Akka Typed with Receptionist or Cluster Receptionist
If you are migrating from Akka 2.5 to 2.6, and use the Receptionist
or Cluster Receptionist
with Akka Typed, during a rolling update information will not be disseminated between 2.5 and 2.6 nodes. However once all old nodes have been phased out during the rolling update it will work properly again.
When Shutdown Startup Is Required
There are a few instances when a full shutdown and startup is required versus being able to do a rolling update.
Cluster Sharding configuration change
If you need to change any of the following aspects of sharding it will require a full cluster restart versus a rolling update:
- The
extractShardId
function - The role that the shard regions run on
- The persistence mode - It’s important to use the same mode on all nodes in the cluster
- The
number-of-shards
- Note: changing the number of nodes in the cluster does not require changing the number of shards.

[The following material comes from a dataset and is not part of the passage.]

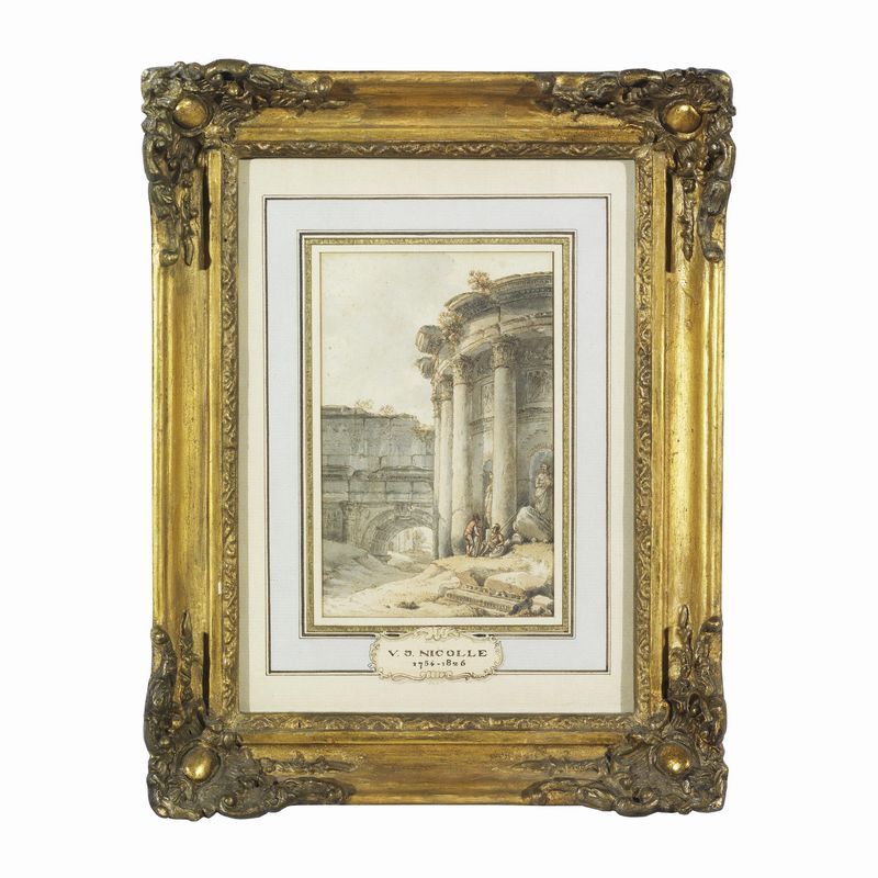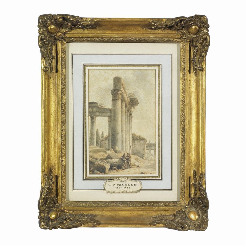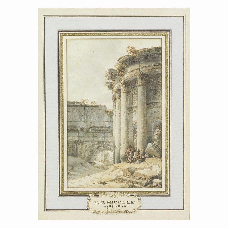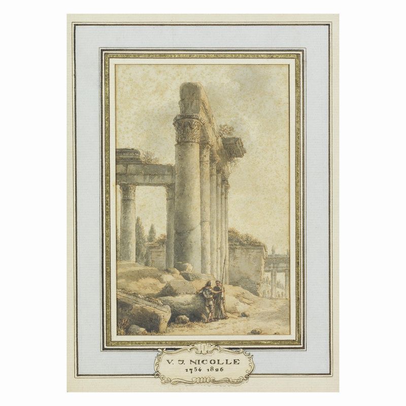 coppia di disegni, penna e inchiostro, acquarello colorato, carta vergellata, mm 165x112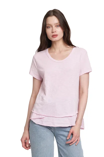 Short Sleeve Mock Layer Raw Hem Tee In Pink

Cluster configuration change
- A full restart is required if you change the SBR strategy
Migrating from PersistentFSM to EventSourcedBehavior
If you’ve migrated from PersistentFSM
to EventSourcedBehavior
(See the Akka 2.8 migration guide) and are using PersistenceFSM with Cluster Sharding, a full shutdown is required as shards can move between new and old nodes.
Migrating from classic remoting to Artery
If you’ve migrated from classic remoting to Artery which has a completely different protocol, a rolling update is not supported. For more details on this migration see the migration guide.
Changing remoting transport
Rolling update is not supported when changing the remoting transport.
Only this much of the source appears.